=== Exercise instructions ===
Give the lines again exactly as they appear below, from the line with "Ge Lighting 63508" to the line with "27-岑特納、2-姆維尼、5", both included, and only those lines. Leave every picture out.

=== Records shown ===
▽

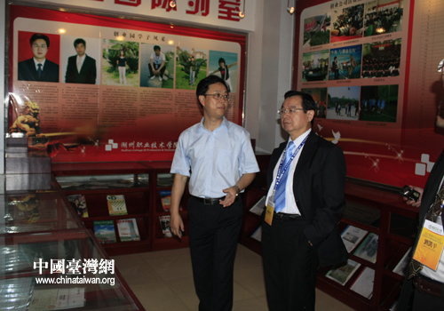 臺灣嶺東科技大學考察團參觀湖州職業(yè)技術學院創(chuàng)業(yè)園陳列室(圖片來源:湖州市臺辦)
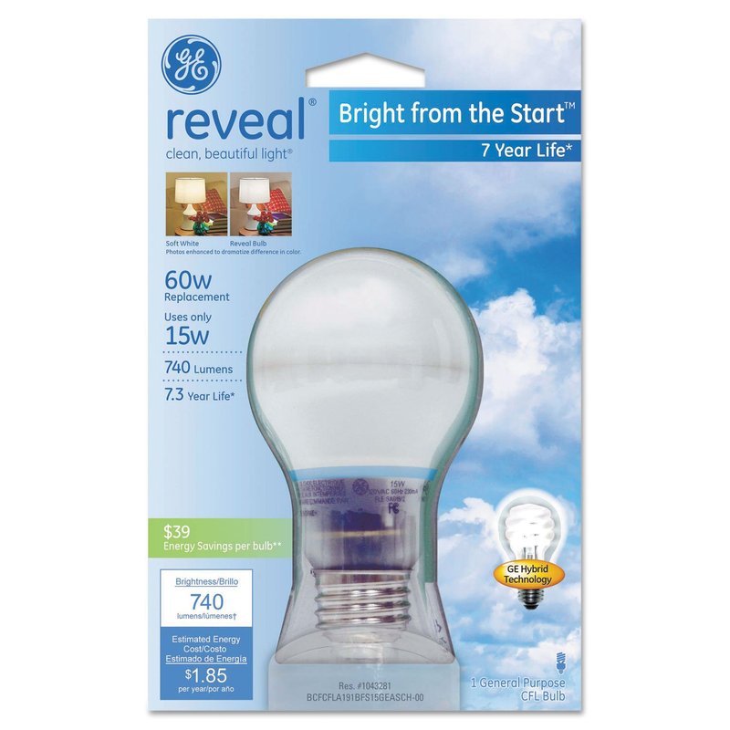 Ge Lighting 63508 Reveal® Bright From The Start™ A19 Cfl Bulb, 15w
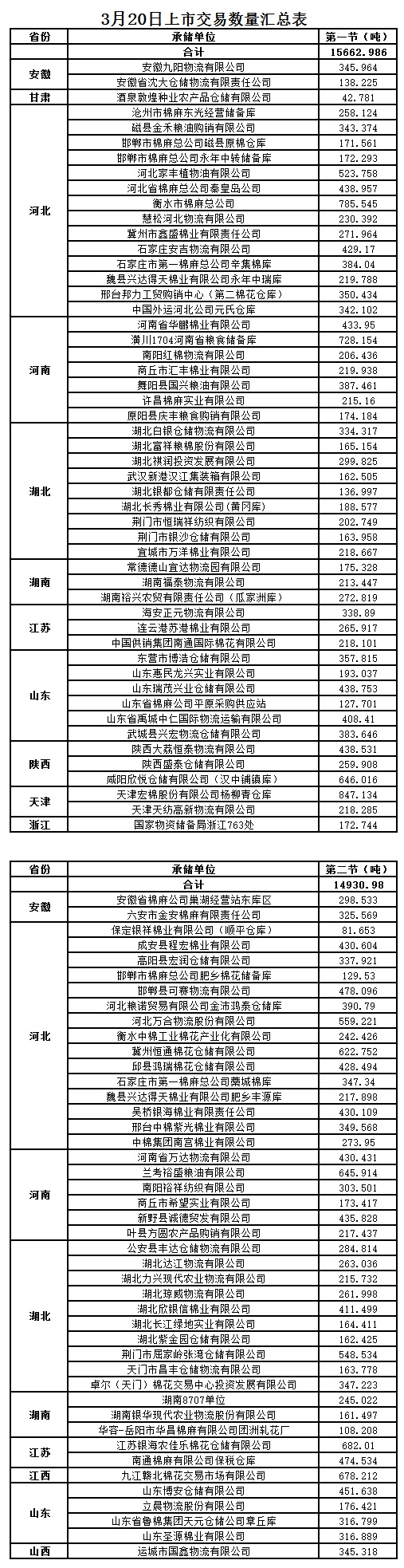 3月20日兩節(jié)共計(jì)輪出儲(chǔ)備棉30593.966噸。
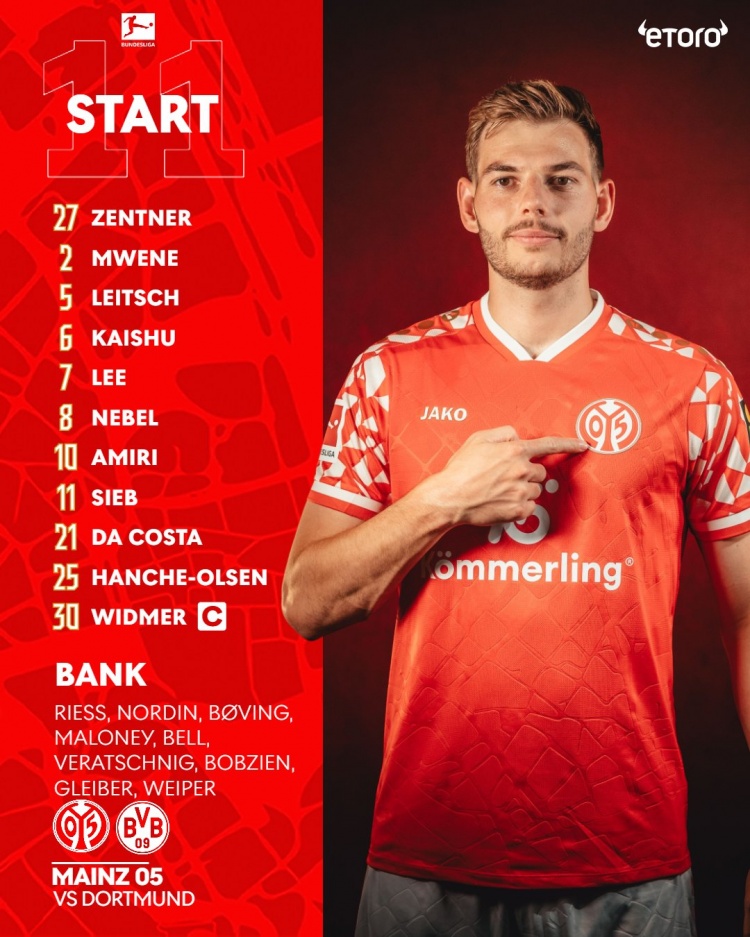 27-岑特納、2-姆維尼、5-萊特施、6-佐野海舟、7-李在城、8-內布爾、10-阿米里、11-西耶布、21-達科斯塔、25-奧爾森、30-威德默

△
▽

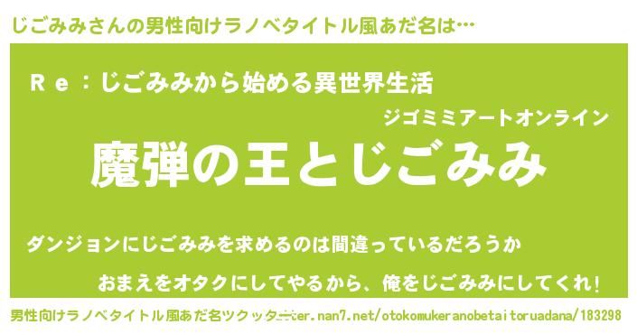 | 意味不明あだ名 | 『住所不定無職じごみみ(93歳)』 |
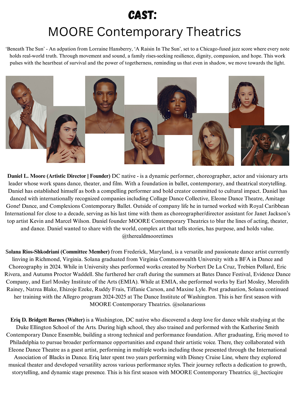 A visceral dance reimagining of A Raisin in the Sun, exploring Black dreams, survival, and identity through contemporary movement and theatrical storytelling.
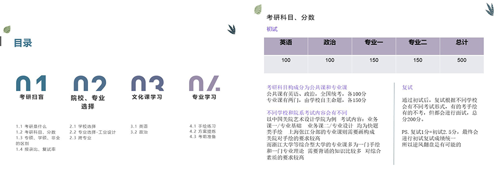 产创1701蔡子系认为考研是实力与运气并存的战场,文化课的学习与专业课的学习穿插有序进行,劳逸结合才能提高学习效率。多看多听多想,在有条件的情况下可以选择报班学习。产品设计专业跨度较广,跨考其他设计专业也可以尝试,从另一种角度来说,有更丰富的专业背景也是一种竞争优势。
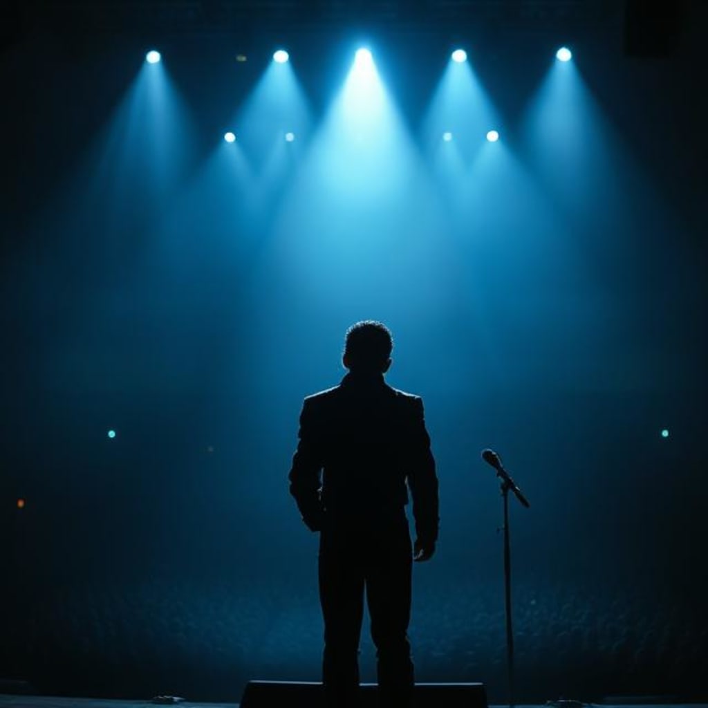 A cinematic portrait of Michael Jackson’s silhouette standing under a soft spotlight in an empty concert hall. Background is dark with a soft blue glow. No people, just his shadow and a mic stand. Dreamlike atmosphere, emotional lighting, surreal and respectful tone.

△

=== Written response ===
 Ge Lighting 63508 Reveal® Bright From The Start™ A19 Cfl Bulb, 15w
 3月20日兩節(jié)共計(jì)輪出儲(chǔ)備棉30593.966噸。
 27-岑特納、2-姆維尼、5-萊特施、6-佐野海舟、7-李在城、8-內布爾、10-阿米里、11-西耶布、21-達科斯塔、25-奧爾森、30-威德默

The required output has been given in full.